Given the Raspberries ...

IT has taken years for certain natural phenomena of New England to associate themselves in my head with specific dates. It was nearly 10 years in Boston before the fact of foliage season generally peaking around Columbus Day, the second weekend in October, became fixed in my consciousness; and it was a bit longer than that before it fully registered that it is pointless to put away one's wool suits for the season until the second week in June.

And so, having finally hit upon the last Saturday in July as the date to count on for my annual raspberrying expedition, I was somewhat dismayed to hear, when I called the tape-recorded report at the pick-your-own berry farm the Thursday before, that it would be "the last raspberries of the season" that would be available for picking the following morning. And though the farm would be open from 8 a.m. on Saturday morning, too, there were no promises as to how long the raspberries would last. The cheerful

recorded voice went on about blackberries and peaches and other delights, but for me, these were mere sideshows.

This was clearly a raspberry emergency. I knew I had to be out at the farm when it opened at eight Friday morning.

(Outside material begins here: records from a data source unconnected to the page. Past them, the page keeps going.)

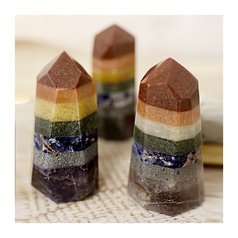 Estas puntas de gema de los 7 chakras están cuidadosamente talladas a mano, lo que garantiza que cada pieza sea única en forma, tamaño e intensidad de color.
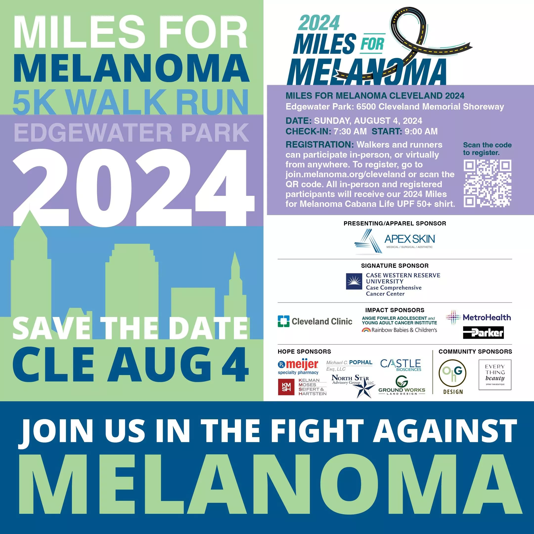 5K Walk/Run at beautiful Edgewater Park to raise funds & awareness for the fight against Melanoma (skin cancer) -- prevention and early detection are key factors to save lives! Form a team, make a donation & help spread the word about this special & family friendly, fun event!
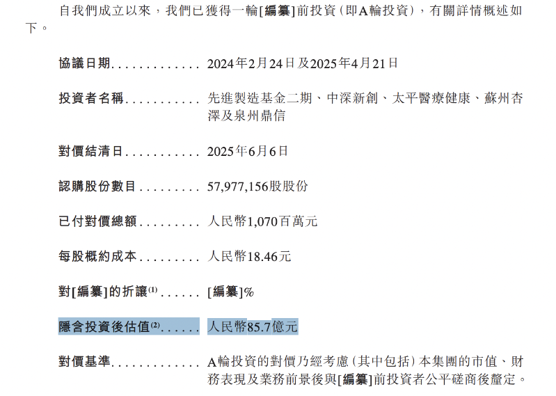自成立以來(lái),先聲再明已完成一輪融資(即A輪投資),其隱含投資后估值為85.7億元。
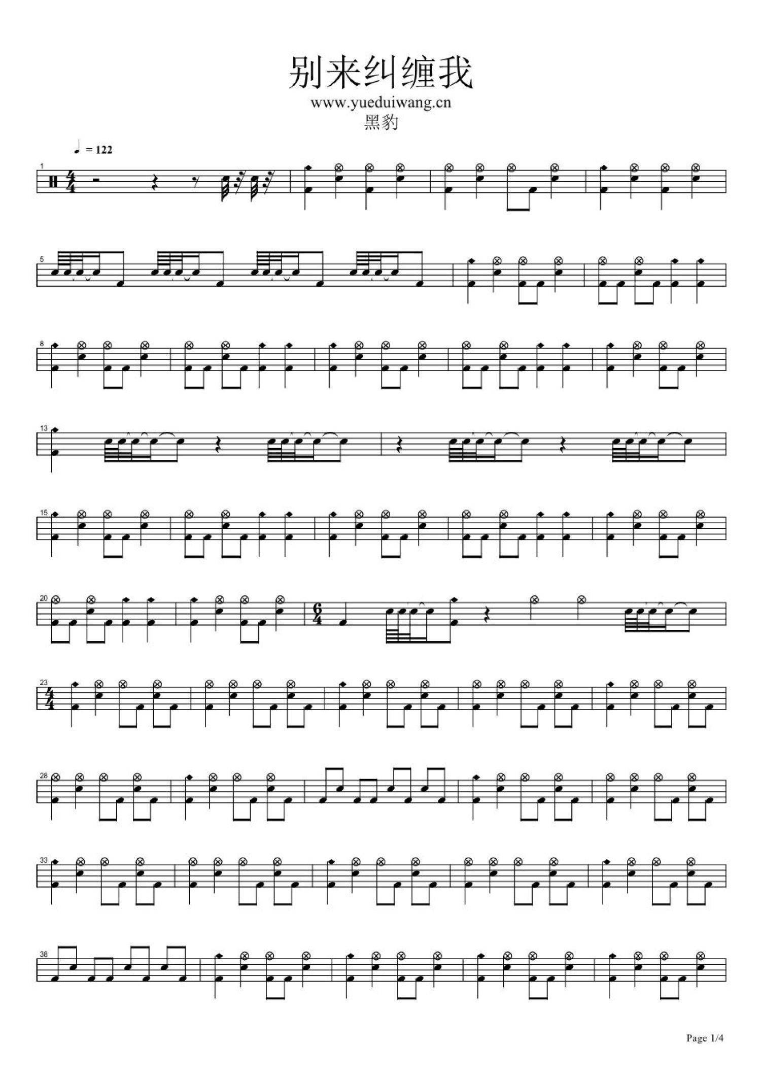 别来纠缠我鼓谱 - 黑豹乐队 - 架子鼓谱
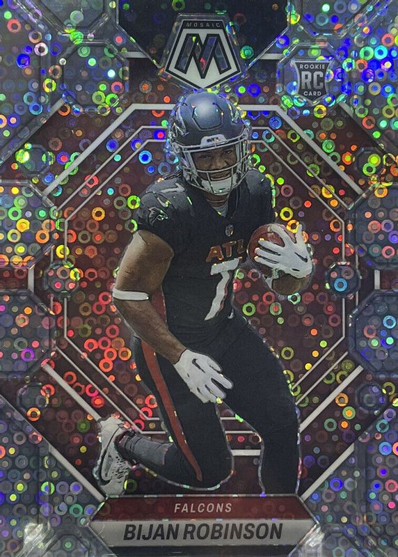 This card is 1 of 123 Bijan Robinson's card variations in the 2023 Mosaic set being tracked by Sports Card Investor, including Base, NFL Debut, Choice Red & Green, Green, and Mosaic.
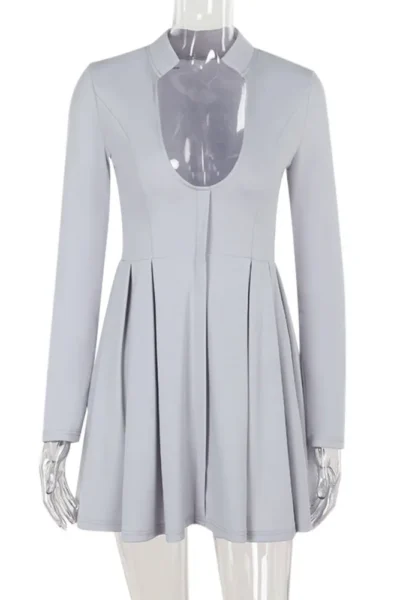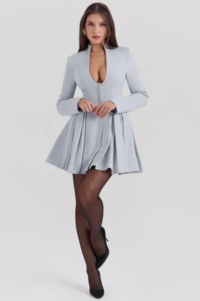 Gray long sleeve V-neck pleated mini dress with high waist A-line fit. A bold, elegant choice for club nights & special events.
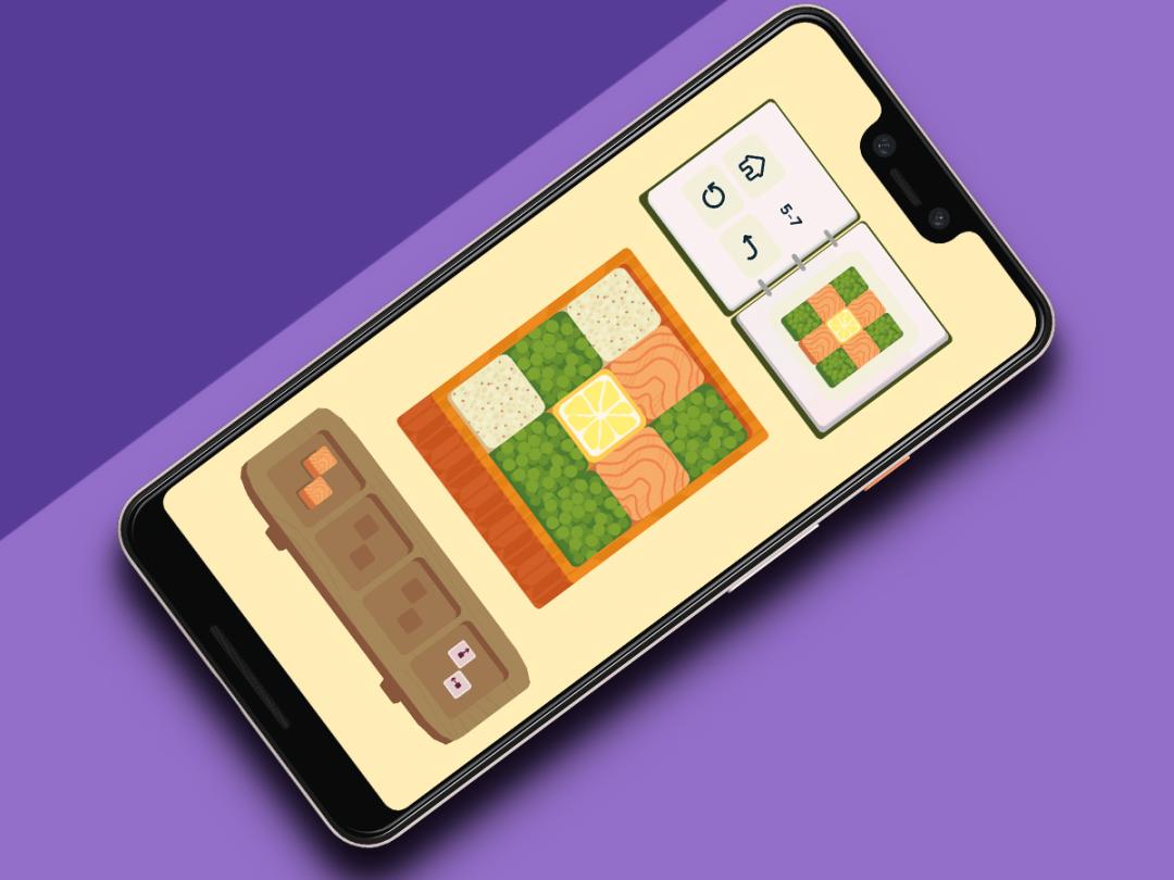 Initial puzzles are food-themed Tetronimoes. You drag pieces to the right spot, which sometimes requires the odd one to be rotated first. Get things right and the bento box is packed up, at which point you’re whisked to the next puzzle.

It was a beautiful drive through the summer morning - the early sunbeams raking across the stone walls and catching the flowers, wild and otherwise, blooming nonchalantly along the road. At a time like this one is grateful for the compactness of New England: One travels from city to suburb to countryside here in fewer miles than it can take to get out of the parking lot out West.

The woman behind the counter when I got to the farm looked a little skeptical when I arrived and expressed interest in raspberries, but she did give me a box - a box for strawberries - and directed me out to the appropriate part of the farm.

There, alone except for the company of the assiduous bumblebees, I contemplated the lessons of the berry patch.

The first, of course, is carpe diem, seize the day, even when it turns out to have to be Friday instead of Saturday: The ripe berries must be picked and eaten now; to have no time for them would be to be out of sync with the natural world.

A second lesson is how easy the berries really are to find, even at the end of the season. If none are in plain view, simply lifting a branch or dropping to one's knees may provide all the fresh perspective one needs to find the little red jewels. This may be a hint for a journalist looking to round up more than the usual sources, or for anyone searching for new ideas, for fresh inspiration when one's thoughts seem pretty well picked over.

But if there is a single most important lesson in the raspberry patch it is the rightness of ripeness: the way the berry simply comes away from the plant when one grasps it ever so gently, if it is ripe, but hangs on, ever so subtly, if it is not. When the berry is not ripe for you, it must be left to whatever pickers may come after. There is no point in picking the unripe berry - or in forcing a decision prematurely, or in taking that which is not intended for us, or in acting before the moment is right .

The rightness of ripeness is a phenomenon not unique to raspberries: One experiences it with apples, peaches, other berries. But it is most perfectly expressed by the raspberry, which leaves behind on the bush everything but its pure red edible self.